Его взгляд сужается, а мои брови смыкаются в гримасе досады.
— Если бы ты просто вернул мне мои туфли, ничего бы этого не случилось, — бормочу я. Не ложь. Даже если эта соломинка застряла там еще до того, как мы начали всю эту карусель с огненными конями, это почему-то привело к тому, что Фрэнк Штейн мне в самом деле начал нравиться.
То, что начиналось как шпионская авантюра, обернулось куда лучше, чем я могла представить. Конечно, это не тот отдых, о котором я мечтала, но и тут есть определенные плюсы.
Мой нос вздрагивает от приятного чистого запаха свежей соломы. Я скольжу взглядом по высоким деревянным балкам конюшни, понимая, что содержание этого места должно стоить целое состояние. Не хуже, чем в поло-клубах, что я посещала в юности.
А сам мужчина…
Он приподнимает бровь, заметив, что я разглядываю его, и по мне прокатывается дрожь. Он тяжело приближается, а я принимаюсь расшнуровывать ботинки, взятые из комнаты.
Необъяснимое чувство сжимает мою грудь, когда он наклоняется передо мной, отчего его белая рубашка натягивается на плечах.
Прекрати, Берни.
Быстро сняв ботинки, я поправляю очки на носу, вытягиваю ноги и шевелю пальцами.
— Шевелись быстрее, — рычит Фрэнк, ни капли не охлаждая моего любовного пыла. Увы, плак-плак.
Видимо, у меня есть тип, и мудаки обычно в него попадают.
Но мне казалось, мы сдвинулись с мертвой точки, я ведь видела проблеск улыбки на его лице ранее.
— Как я уже говорила, это ты похитил меня и привез сюда, помнишь?
Его ноздри раздуваются, но он не отвечает, а по его лицу скользит растерянное и подозрительное выражение.
— Ты пробыла здесь целый день и даже не попыталась добраться до телефона или компьютера. Вместо этого, когда я предположил, что ты пытаешься сбежать, я нахожу тебя на улице, возящейся с моим конем, — бросает он обвинение, пока я как раз натягиваю ботинок.

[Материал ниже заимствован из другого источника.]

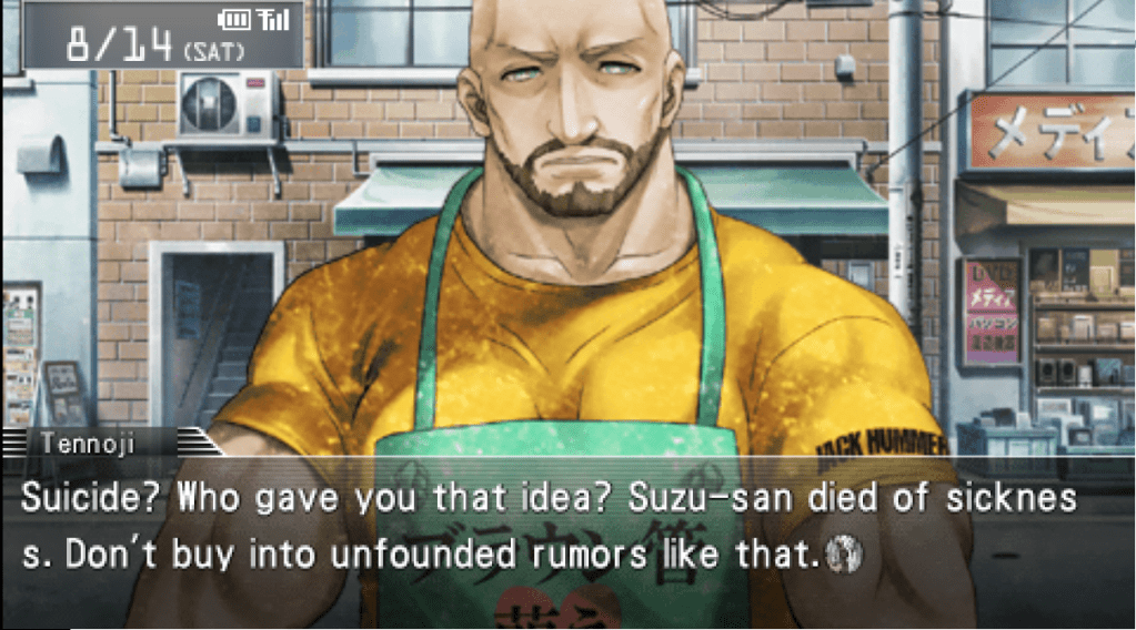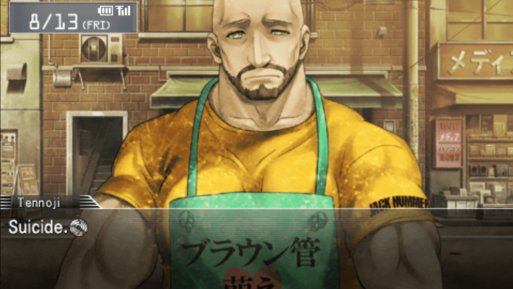 Tennouji saca uma arma, põe-se sério talvez pela primeira vez na estória. Admite seu pseudônimo “FB” e alega estar usando Moeka como mero instrumento a fim de obter o computador. Okabe se irrita profundamente pela ironia da vida de Suzuha: condenada a ir para o passado a fim de prevenir o roubo de um equipamento que, no fim, será furtado pelo homem que ela tratou com a máxima generosidade! Tennouji, longe de reagir com insensibilidade, aponta a arma para si próprio e comete suicídio. Sem tempo para enlutar-se, Okabe captura seu telefone celular, com a intenção de usá-lo mais tarde para enviar o D-Mail. Nae não estava por perto para ver a desgraça que aconteceu a seu pai.

— Ты говорил, что он не твой, — отвечаю я, поворачивая к нему голову, и снова выпрямляюсь.
Он сокращает дистанцию между нами, загораживая меня от всего на большой скамье, которая уже не кажется такой просторной, теперь, когда он передо мной.

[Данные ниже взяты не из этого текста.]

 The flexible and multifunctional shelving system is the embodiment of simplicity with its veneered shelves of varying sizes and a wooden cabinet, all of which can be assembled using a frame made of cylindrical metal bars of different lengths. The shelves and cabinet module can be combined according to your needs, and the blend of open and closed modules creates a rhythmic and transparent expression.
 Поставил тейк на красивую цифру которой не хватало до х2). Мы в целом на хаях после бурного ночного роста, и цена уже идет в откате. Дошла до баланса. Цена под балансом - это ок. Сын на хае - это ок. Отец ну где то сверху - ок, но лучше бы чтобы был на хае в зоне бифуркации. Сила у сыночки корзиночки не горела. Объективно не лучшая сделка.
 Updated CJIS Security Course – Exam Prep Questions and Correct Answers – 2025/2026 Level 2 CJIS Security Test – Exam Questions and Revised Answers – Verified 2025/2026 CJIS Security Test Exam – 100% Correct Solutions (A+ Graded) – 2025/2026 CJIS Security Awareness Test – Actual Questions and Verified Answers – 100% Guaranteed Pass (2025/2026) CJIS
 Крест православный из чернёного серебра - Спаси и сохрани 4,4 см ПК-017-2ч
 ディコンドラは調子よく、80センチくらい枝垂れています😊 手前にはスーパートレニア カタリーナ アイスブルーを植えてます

— Заткнись и надень уже гребаную обувь, — говорит он, наклоняясь за вторым ботинком и швыряя его между нами.
Я моргаю.
Оуу.
Его явная попытка напугать меня — это даже мило.
Я прячу улыбку, приподнимаюсь и прижимаюсь к его губам, игнорируя ботинок, упавший на пол. Раз он не сразу отстраняется, я поднимаю руки и провожу ладонями по его широкой груди, как мне и хотелось с тех пор, как я увидела его бегущим в гору.
Тело надо мной словно камень, но его резкий вдох и ответ говорят мне куда больше, чем он, уверена, хотел бы, потому что Фрэнк Штейн ведет себя так, будто его никогда по-настоящему не целовали. Или, если и целовали, он явно не привык к этому, судя по тому, как мгновенно напряглись его мышцы под моими ладонями.
Он стонет, когда я поворачиваю голову, углубляю поцелуй и приподнимаюсь со скамьи, раздвигая ноги.
Его грудь вздымается, мышцы перекатываются под моими ладонями, я смягчаю прикосновение губ, веду его за собой, потом отстраняюсь и снова набрасываюсь, встречая его губы во влажном, горячем скольжении, что бросает меня в омут желания. Мы стонем вместе, и словно этот звук разрывает чары. Фрэнк отрывается, выглядя еще более растерянным, чем прежде.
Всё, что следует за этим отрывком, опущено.